-- Data --
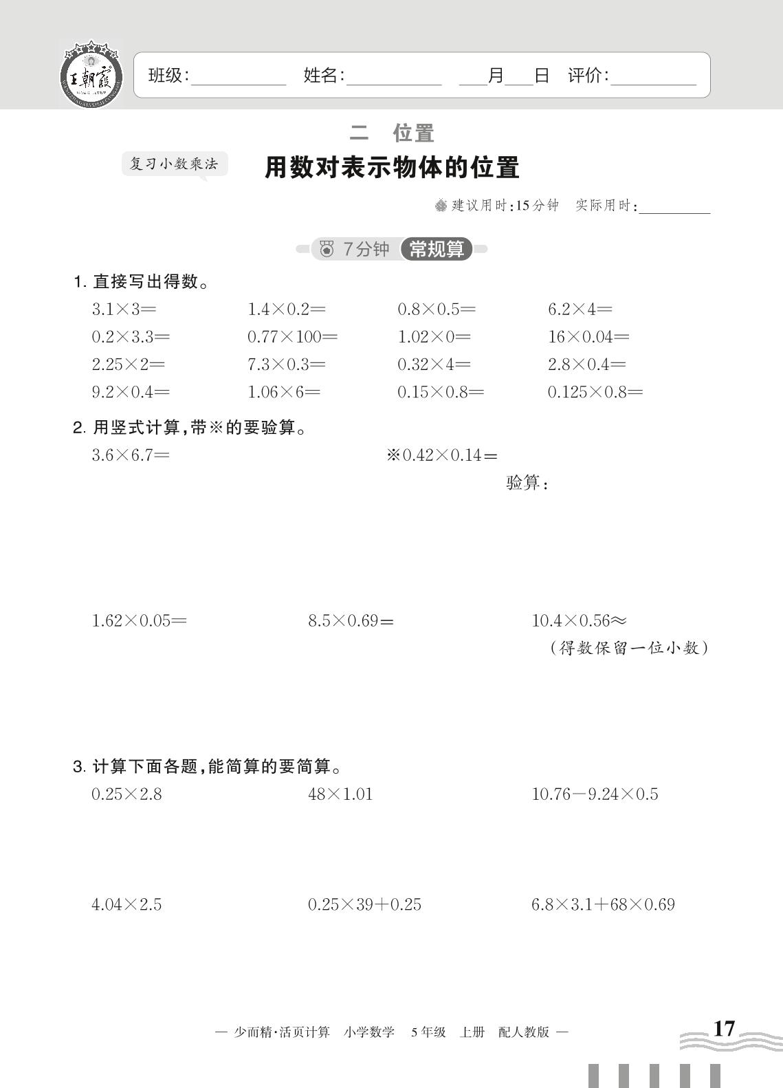 2023上册五年级数学人教版 二 位置——用数对表示物体的位置
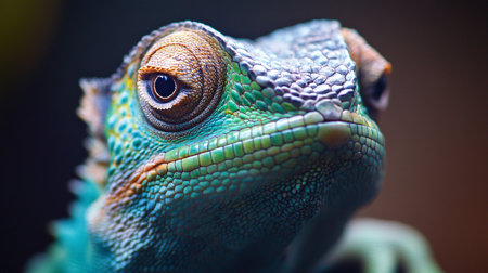 Highly detailed close-up image of a lizard's head, showcasing its intricate scales and vibrant colors against a dark background. The image focuses on the texture and patterns of the scales, highlighting the iridescent qualities of the skin.
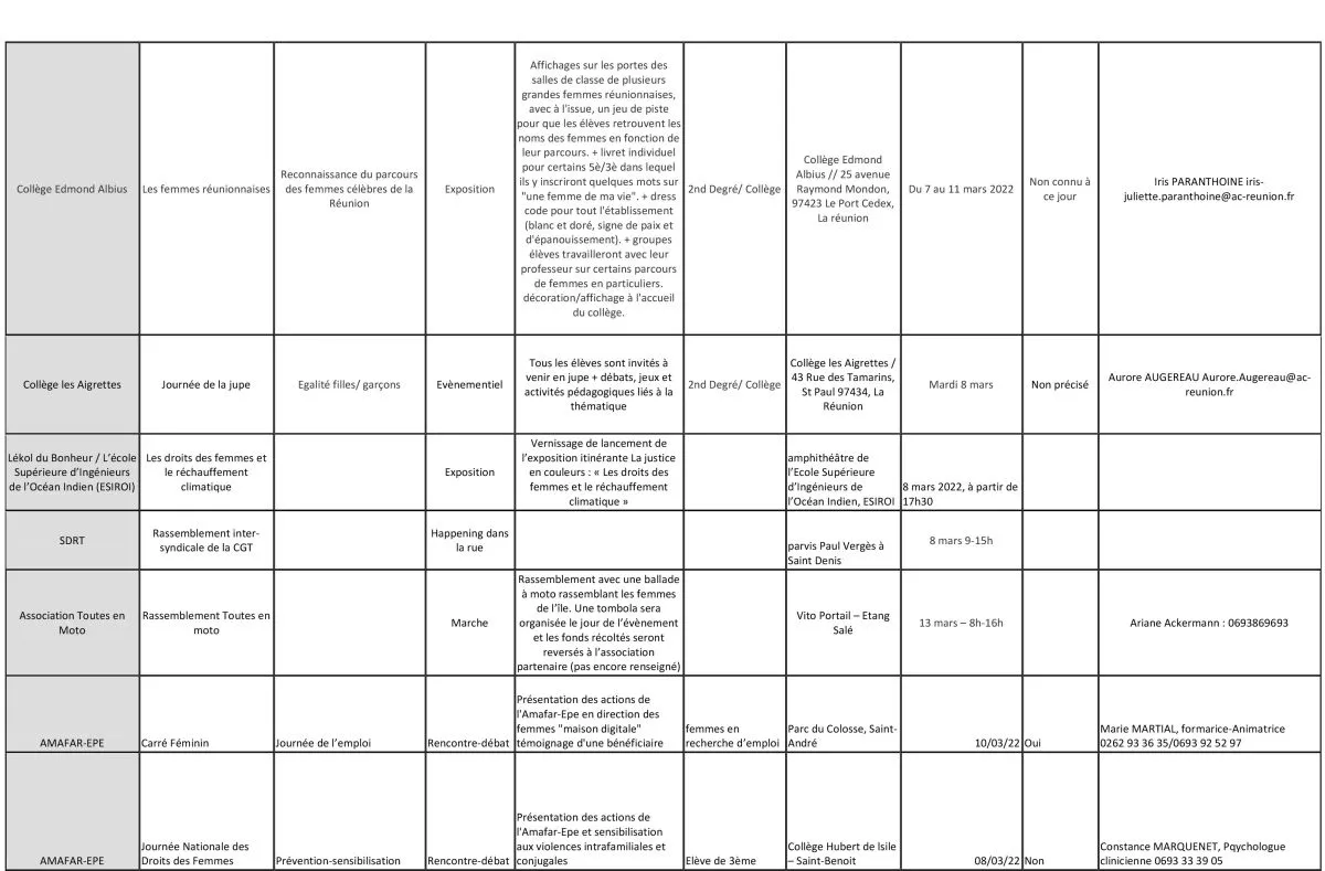 Manifestations du 8 mars 2022 à La Réunion-13 par La Rédaction 8 mars 2022 1 min de lecture Ne manquez pas toute l’actualité de La Réunion ! Abonnez-vous à la newsletter de Free Dom ! Valider Partager Facebook Twitter Pinterest Linkedin Whatsapp Reddit Email La Rédaction Laisser un commentaire Annuler la réponseYour email address will not be published. Enregistrer mon nom, mon e-mail et mon site dans le navigateur pour mon prochain commentaire. Current ye@r * Leave this field empty Articles récents... Jeudi 1ᵉʳ janvier 2026 – Météo, éphéméride et horoscope du jour Mercredi 31 décembre 2025 – Météo, éphéméride et horoscope du jour Hommage à Johnny Hallyday sur Free Dom 2 ce 5 décembre Mardi 30 décembre 2025 – Météo, éphéméride et horoscope du jour Saint-Joseph : découverte de 2337 plants de cannabis, arrestation de 2 individus Point sur le réseau routier départemental, 29 décembre à 16H30 Suicide sur le pont de la Rivière d’Abord : importante mobilisation des secours et des forces de l’ordre Radier submergé à Ilet Furcy : la route de Cilaos fermée à la circulation cette nuit Fortes pluies : appel à la plus grande prudence à Saint-Paul Saint-Gilles-les-Bains : une route impraticable, les riverains montent au créneau (VIDEOS)

-- Problem details --
Output the material word for word, omitting its pictures.

-- Exercise result --
 2023上册五年级数学人教版 二 位置——用数对表示物体的位置
 Highly detailed close-up image of a lizard's head, showcasing its intricate scales and vibrant colors against a dark background. The image focuses on the texture and patterns of the scales, highlighting the iridescent qualities of the skin.
 Manifestations du 8 mars 2022 à La Réunion-13 par La Rédaction 8 mars 2022 1 min de lecture Ne manquez pas toute l’actualité de La Réunion ! Abonnez-vous à la newsletter de Free Dom ! Valider Partager Facebook Twitter Pinterest Linkedin Whatsapp Reddit Email La Rédaction Laisser un commentaire Annuler la réponseYour email address will not be published. Enregistrer mon nom, mon e-mail et mon site dans le navigateur pour mon prochain commentaire. Current ye@r * Leave this field empty Articles récents... Jeudi 1ᵉʳ janvier 2026 – Météo, éphéméride et horoscope du jour Mercredi 31 décembre 2025 – Météo, éphéméride et horoscope du jour Hommage à Johnny Hallyday sur Free Dom 2 ce 5 décembre Mardi 30 décembre 2025 – Météo, éphéméride et horoscope du jour Saint-Joseph : découverte de 2337 plants de cannabis, arrestation de 2 individus Point sur le réseau routier départemental, 29 décembre à 16H30 Suicide sur le pont de la Rivière d’Abord : importante mobilisation des secours et des forces de l’ordre Radier submergé à Ilet Furcy : la route de Cilaos fermée à la circulation cette nuit Fortes pluies : appel à la plus grande prudence à Saint-Paul Saint-Gilles-les-Bains : une route impraticable, les riverains montent au créneau (VIDEOS)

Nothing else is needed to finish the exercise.